To prove i) $AD = DP$ ii) $PC = BC$ iii) $DC = 2AD$

Given $\angle A = 60^o$

AP bisects $\angle A$ Therefore $\angle PAB = \angle PAD = 30^o$

Also $\angle B = 180^o - \angle A = 120^o$

$PB$ Bisects $\angle B$ Therefore $\angle PBA = \angle PBC = 60^o$

Also $\angle C = 60^o$

$\Rightarrow \angle BPC = 180^o - 60^o - 60^o = 60^o$

$\Rightarrow \angle DPA = 180^o - 90^o - 60^o = 30^o$

$\angle D = 180^o - 60^o = 120^o$

i) Consider $\triangle ADP$ ,

Since $\angle DAP = \angle DPA = 30^o$

(sides opposite to equal angles in a triangle are equal)

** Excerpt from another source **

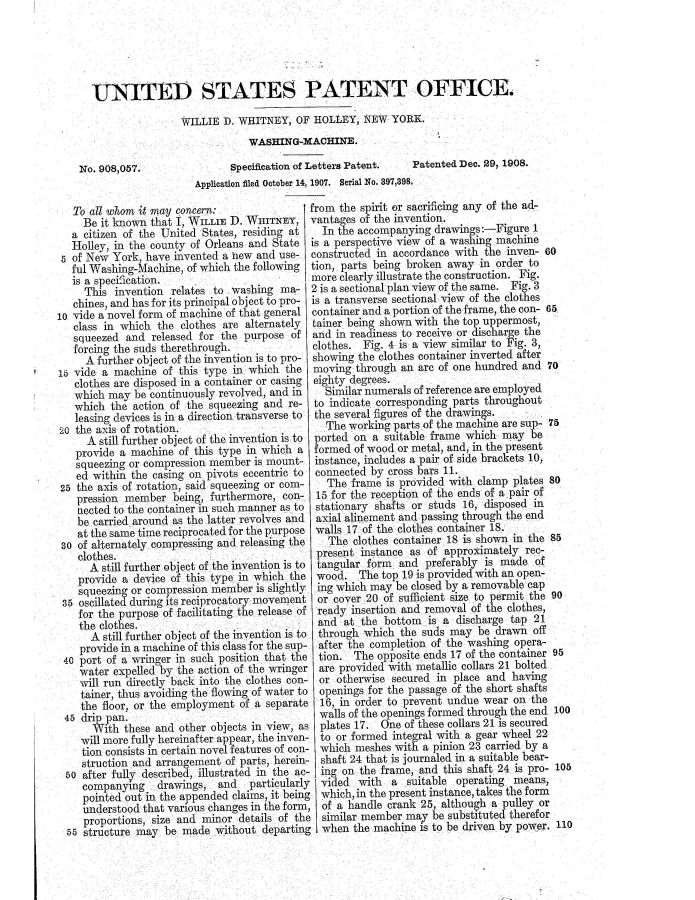 Willie D. Whitney of Holley, NY was issued this patent on December 29, 1908

$\Rightarrow AD = DP$ … … … … … i)

ii) Similarly in $\triangle PCB$ (all angles are equal to $60^o$ as it is an equilateral triangle)

Hence $PC = PB$ … … … … … ii)

iii) Since $AD = BC$ … … … … … iii) (opposite sides of a parallelogram)

Adding i) and ii)

$DP + PC = AD + BC$

$\Rightarrow DC = AD + BC$

From iii) $DC = 2AD$

$\\$

Question 12: In the adjoining figure, $ABCD$ is a parallelogram in which $\angle DAB = 75^o$ and $\angle DBC = 60^o$ . Compute $\angle CDB$ and $\angle ADB$ .

Answer:

Given $\angle A = 75^o \Rightarrow \angle B = 180^o - 75^o = 105^o$

$\Rightarrow \angle DBA = 105^o - 60^o = 45^o$

$\Rightarrow \angle D = 180^o - 75^o = 105^o$

In $\triangle DAB, \angle ADB = 180^o - 75^o - 45^o = 60^o$

$\Rightarrow \angle CDB = \angle D - \angle ADB$

$\Rightarrow \angle CDB = 105^o - 60^o = 45^o$

$\\$

Question 13: In the adjoining figure, $ABCD$ is a parallelogram and $E$ is the mid-point of side $BC$ . If $DE$ and $AB$ when produced meet at $F$ , prove that $AF = 2AB$ .

Answer:

To prove: $AF = 2AB$

Given: $ABCD$ is a parallelogram, $E$ is the mid point of $BC$

Consider $\triangle EBF$ and $\triangle ECD$

$BE = EC (E$ is mid point of $BC)$

$\angle DEC = \angle BEF$ (vertically opposite angles)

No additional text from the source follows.